1/2 cup white decorating sugar (in zippered sandwich bag)

1 red lips candy

Red licorice laces


Step 1 – Bake

• Prepare Tenderflake® Deep Dish Pie Shell as per package directions. Remove with oven mitts, and set aside to cool.

Step 2 – Mix

Once crust has cooled completely, prepare instant dessert mix. Fill pie crust w/ mousse, smoothing top w/ spatula.

Step 3 – Decorate!

• To create smiling eyes, cut two crescent shapes from blue juiceberries and place about 1 ½ inches apart halfway down the pie.

• Make cheeks rosy by pressing red gum drops into mousse, as shown.

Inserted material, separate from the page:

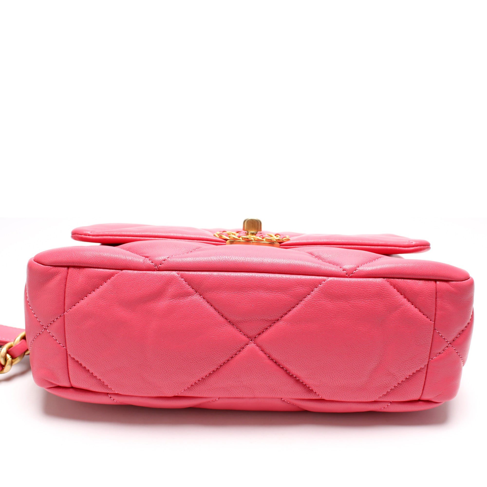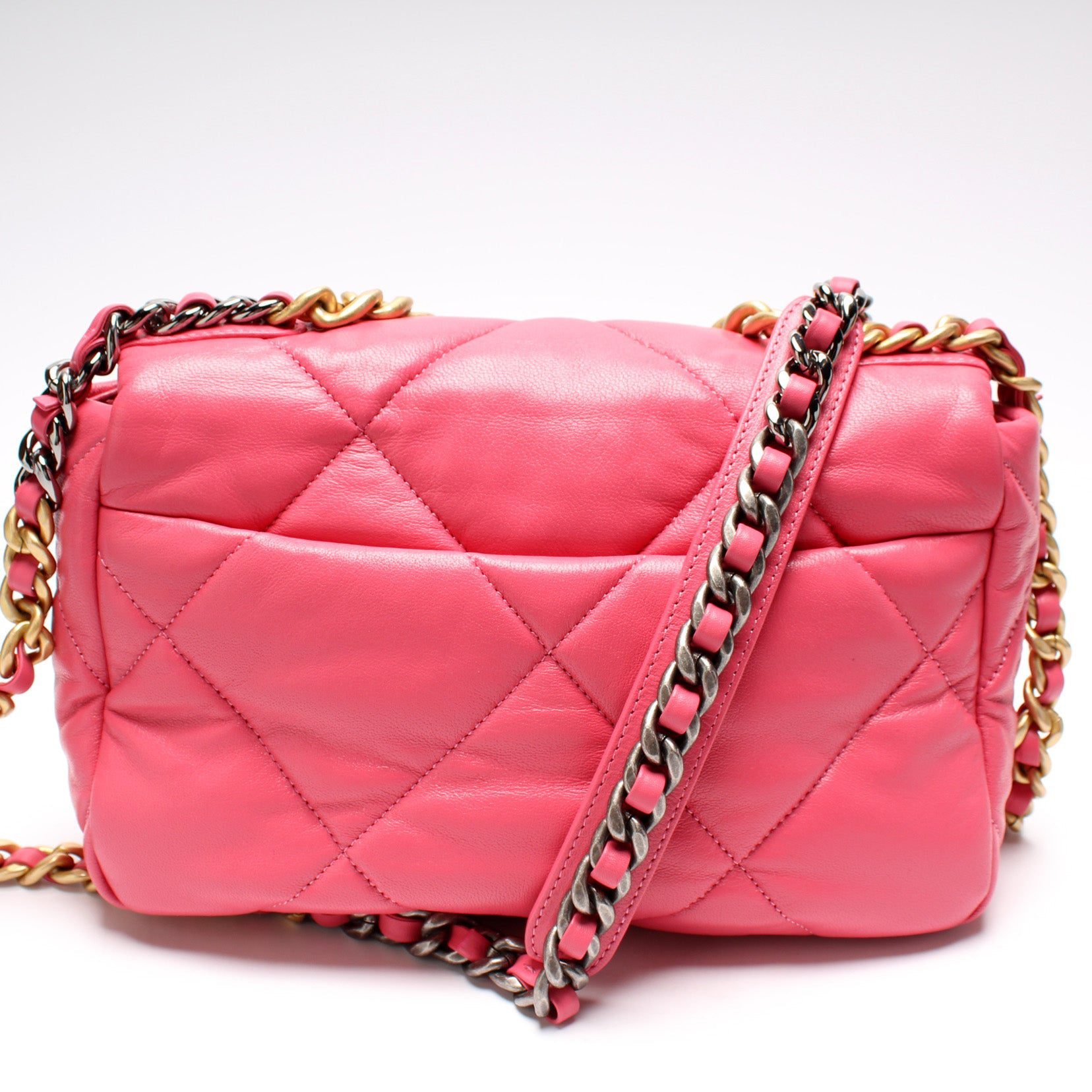 Chanel 19 Medium Flap. The exterior is in the Chanel Quilted goatskin.Â

Add another for the nose and then start filling in the beard, mustache and sideburns w/ mini-marshmallows. Use a large marshmallow for the cap’s pompom.

• Leave a space for the mouth. With scissors, trim the upper lip off the lip candy, using the lower lip for Santa’s mouth. Take care not to do too much repositioning, as mousse sets quickly.

• Finish up by drawing in the cap outline with the tip of a knife to help guide you. Outline the cap with red licorice lace. Put the white and red decorating sugars in separate small snack-sized zippered sandwich bags and snip hole in one corner. Using the bag to help dispense the sugar, fill in the licorice-outlined cap with the red sugar and use white for the fur brim.

• Serve Santa on your favorite Christmas platter and enjoy with guests.